Her eyes roamed across the starry sky; was she going to cry again? She recovered:
“Listen,” she said, “I understand Maestro Abril, I know why he did it, I know him better than I know myself. He’s a good man.”
“Another good man,” the doctor said.
But the pious Alcira did not hear him.
“One afternoon, coming out of church, after Benediction, I bumped into Maestro Abril. He didn’t just say hello, but walked along with me. I don’t know if he already knew, like everyone else, what was in store for him: Arcángel appeared, as he always does, hooting in the Willys, accelerating and slowing down, making all his usual racket when he finds me in the street after Benediction. He came up behind us, Hell itself on our heels. I said to the maestro: ‘Señor Tulio, you don’t need to come with me,’ and he said: ‘Don’t you worry, I’ll stay with you.’ Arcángel caught us up: he hooted more than ever, shouted at the maestro to leave me on my own, he said some things to his face it would be a sin to repeat, Doctor; the whole of Pasto heard them, what an insult, and me so sorry to be the centre of attention. The maestro took my arm, because I tripped and nearly fell over with fright, can you imagine? He didn’t let me go and stayed with me and told my husband that he should get out of the car, to see if he was big enough to make him leave my side, he said that to him, my God, and thank heavens Arcángel didn’t get out: somebody turned up, one of his secretaries, a good angel who tempted him with a meal of guinea pig in Catambuco and took him away, that angel saved us, because Maestro Abril remained stubborn, determined to accompany me, taking my arm: Arcángel would surely have run us both over, he was capable of driving over us a hundred times, out of fury. But the maestro’s bravery was something to see: he wasn’t scared, although he was trembling as much as I was or more, and he was crying like me, from pure courage, God bless his strength of purpose. How rotten I feel, my shame shaming others. I put a good man like Maestro Abril’s life in danger, do you understand? That’s why the maestro got his own back with the float, he was saving my honour, what an upright man. Thank him for me in any case, because it’s the thought that counts at least.”
“Goodbye, Señora Alcira.”
“No,” she said, with an expression the doctor thought was pity for him. “You shouldn’t go in.”
“And why not?” he asked.
She smiled, undecided. He thought she would insist, in order to convince him to go to her husband, for a minute. She gave up, her voice a whisper:
“My regards to your wife.”
And she disappeared down the street: slowly, light-footed, as though afraid of making a noise, she seemed to float. The doctor grasped the door handle again and pushed, at last, as if it were a heavy sheet of lead.
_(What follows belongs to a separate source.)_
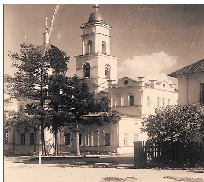
Каменная Успенская церковь — старейшая на территории Ново-Тихвинского монастыря. Фото предположительно 1910 года

Первая каменная церковь. Екатеринбургский собор. В 1734-м, по инициативе де Геннина, на Торговой площади города (ныне — площадь 1905 года) стали

He made the door click audibly as he closed it: best let his presence be known, although it was possible Primavera had already heard his conversation — that depended where she was, he thought.
And straight away he saw her emerging, from the depths of the corridor leading to the guest bathroom, a shadow barely illuminated by the single light bulb switched on, was she still unaware of his presence? She approached with her leather skirt hitched up almost to the waist, bending down — in the middle of the infinitely complex manoeuvre of pulling down the skirt stuck around her thighs — and at the same time he heard her voice. It was hard to make it out.
“I heard the door,” she said, “who was it?”
“Me,” he said.
Primavera Pinzón stopped in astonishment, open-mouthed, just like him.
“A fish bone,” she said.
And despite everything, he discovered, her voice was unchanged, unruffled by the slightest emotion.
Bewildered, he heard her persevere:
“A fish bone got stuck in his throat. I was seeing that he drank some water, in the bathroom.”